*Work task*
Starting with the line that holds "基本上下宽带都是跑满的,站长这里也把评测结果放出来", repeat each line through the last one below, exactly. Pictures stay out.

*Data shown*
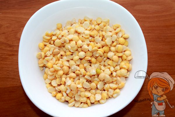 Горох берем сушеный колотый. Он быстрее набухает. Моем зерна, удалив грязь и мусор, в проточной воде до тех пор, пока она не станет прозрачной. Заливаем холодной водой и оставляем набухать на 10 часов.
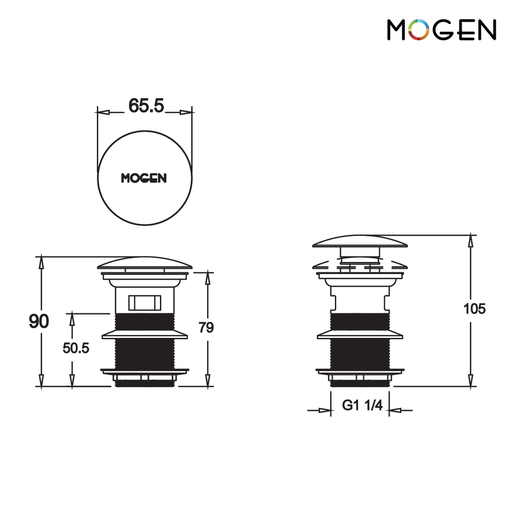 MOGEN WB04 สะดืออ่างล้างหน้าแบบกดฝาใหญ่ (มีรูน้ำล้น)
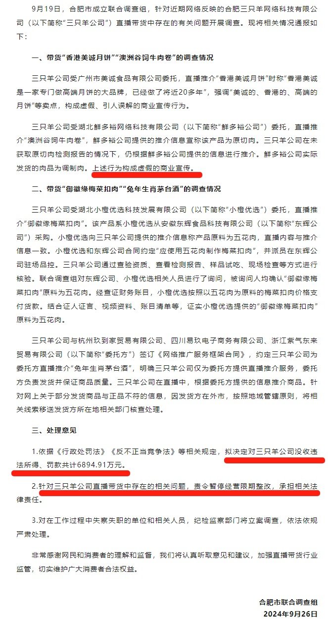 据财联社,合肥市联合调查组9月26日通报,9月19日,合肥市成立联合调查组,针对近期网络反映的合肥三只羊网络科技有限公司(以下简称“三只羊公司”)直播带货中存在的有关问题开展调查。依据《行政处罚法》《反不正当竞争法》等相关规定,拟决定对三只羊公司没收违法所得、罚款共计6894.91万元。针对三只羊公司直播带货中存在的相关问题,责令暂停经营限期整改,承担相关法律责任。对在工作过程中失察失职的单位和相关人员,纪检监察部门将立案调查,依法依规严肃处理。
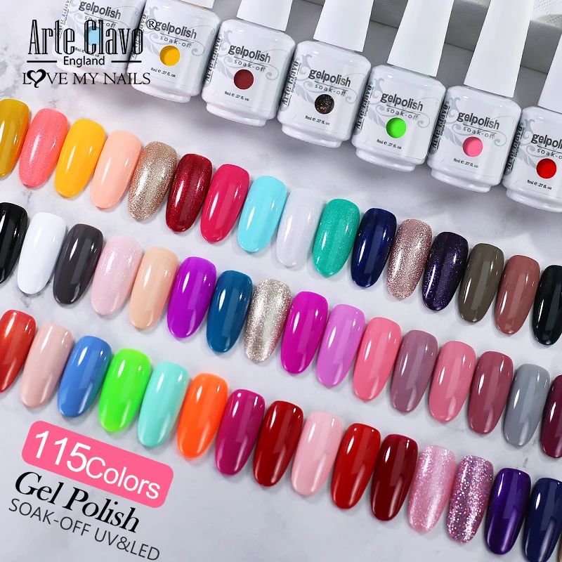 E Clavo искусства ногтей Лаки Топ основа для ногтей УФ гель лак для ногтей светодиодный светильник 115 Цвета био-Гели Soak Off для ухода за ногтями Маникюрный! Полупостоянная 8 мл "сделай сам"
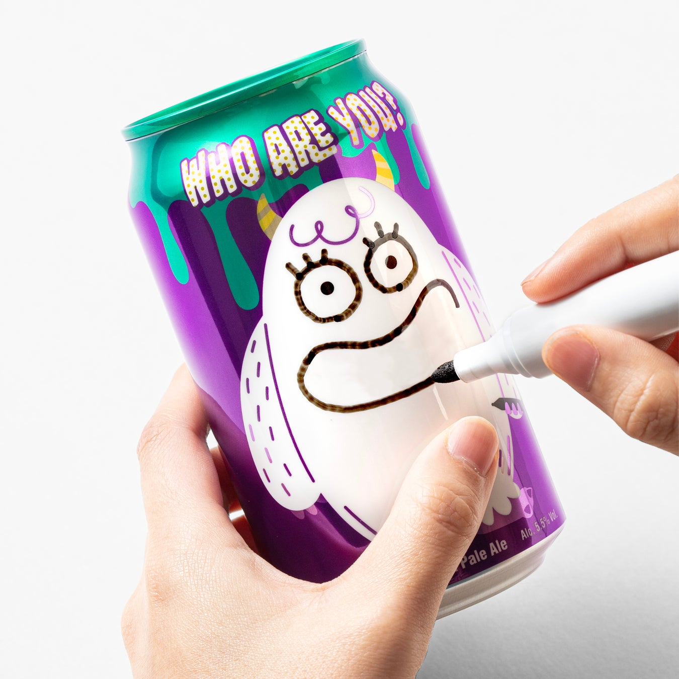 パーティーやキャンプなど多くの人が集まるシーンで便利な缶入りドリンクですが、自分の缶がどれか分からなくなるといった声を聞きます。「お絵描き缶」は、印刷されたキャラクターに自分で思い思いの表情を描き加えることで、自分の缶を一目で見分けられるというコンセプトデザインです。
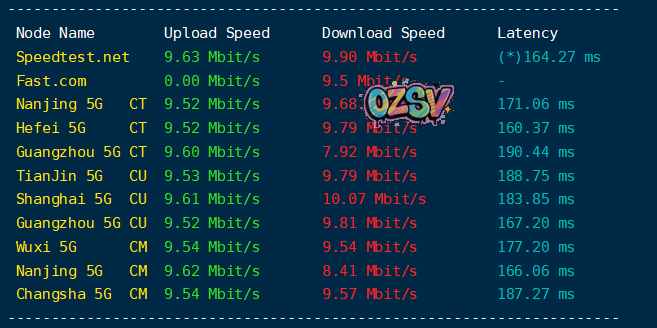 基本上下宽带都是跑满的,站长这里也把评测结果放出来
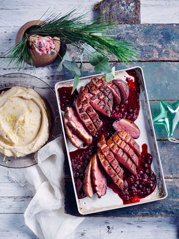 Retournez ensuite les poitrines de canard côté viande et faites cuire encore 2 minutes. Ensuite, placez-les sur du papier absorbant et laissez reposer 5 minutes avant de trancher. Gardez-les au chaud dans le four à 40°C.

*Answer to this problem*
 基本上下宽带都是跑满的,站长这里也把评测结果放出来
 Retournez ensuite les poitrines de canard côté viande et faites cuire encore 2 minutes. Ensuite, placez-les sur du papier absorbant et laissez reposer 5 minutes avant de trancher. Gardez-les au chaud dans le four à 40°C.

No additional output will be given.